AZ-PRMT5i-1 is an orally bioavailable MTA-cooperative PRMT5 inhibitor that specifically targets MTAP-deleted cancers and is structurally related to AZ’s clinical candidate, AZ3470. This case study is an excellent example of utilizing bioisosteric replacements for polar guanidine headgroups, rigidifying scaffolds through spirocyclization to reduce rotatable bonds, and leveraging fluorine atoms beyond simply blocking metabolic soft spots.

HRX-215 is an orally bioavailable MKK4 inhibitor for liver regeneration. In just over a decade since they discovered the dual specific kinase MKK4 as a master regulator of hepatocyte regeneration, HRX-215 completed a FIH clinical trial. This article is a fascinating case study on harnessing the liver's natural regenerative capacity, identifying key regulators of liver regeneration, and leveraging a kinase inhibitor with reported off-target activity for MKK4 as a suitable starting point, among other insights.

RMC-6236 is a non-covalent pan-RAS(ON) inhibitor from Revolution Medicines, which shows remarkable efficacy in tumors driven by RAS mutants that were previously considered “undruggable,” such as G12V/D/A/S, G13X, and Q61X. RMC-6236 exerts its action via a “tri-complex” mechanism, gluing RAS to the ubiquitously expressed chaperone protein, cyclophilin A. Our in-depth article covers the presentation given at the AACR 2024 meeting, which outlines the discovery and preclinical profile of RMC-6236 as well as the latest clinical updates.

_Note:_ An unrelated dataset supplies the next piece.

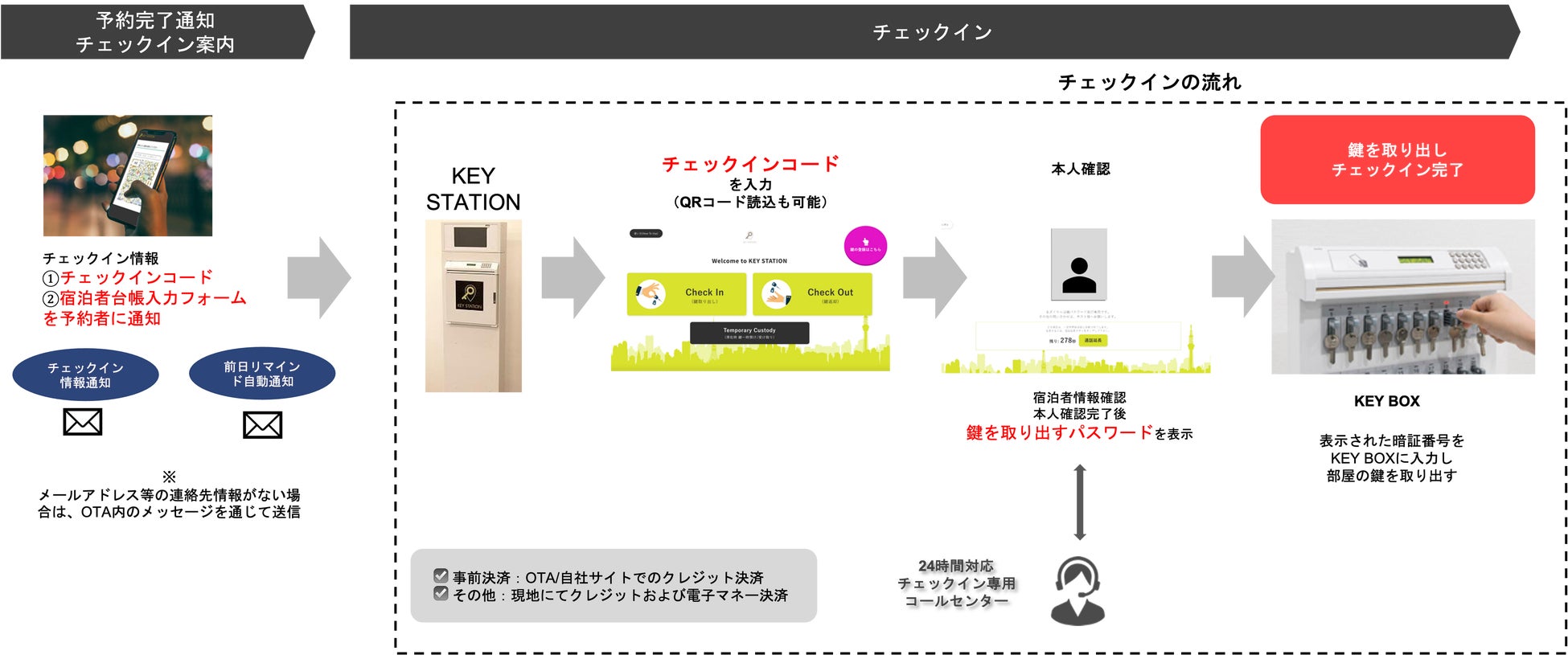 今回のようにホテルのシステムと連携することで無人のチェックインシステムとして、下記の流れを無人化できます。

Chiesi Farmaceutici’s CHF-6523 is an inhaled, lung-restricted, selective PI3Kδ inhibitor designed to provide relief to patients with COPD. Its development involved optimization of permeability and solubility as well as identification of a solid form amenable for dry powder inhalation. Disclosed at the EFMC-ISMC 2024 joint conference in Rome, Italy, this article covers the structure, development, and early clinical data of CHF-6523, which ultimately indicates that PI3Kδ inhibition may not provide clinical effect in reduction of lung inflammation.

Morphic Therapeutic’s MORF-627 is an oral αvβ6 integrin inhibitor designed to treat IPF by blocking the TGFβ pathway. The Morphic team leveraged SBDD and FEP+ during lead optimization to enhance permeability and isoform selectivity. This article highlights the team’s focus on inhibiting the “bent-closed” conformation of αvβ6 as well as the linker design that led to the “chameloenicity” of the lead compound. The impressive multispecies PK and in vivo efficacy of MORF-627 in preclinical models was unfortunately accompanied by oncogenic toxicity that prevented it from reaching clinical trials.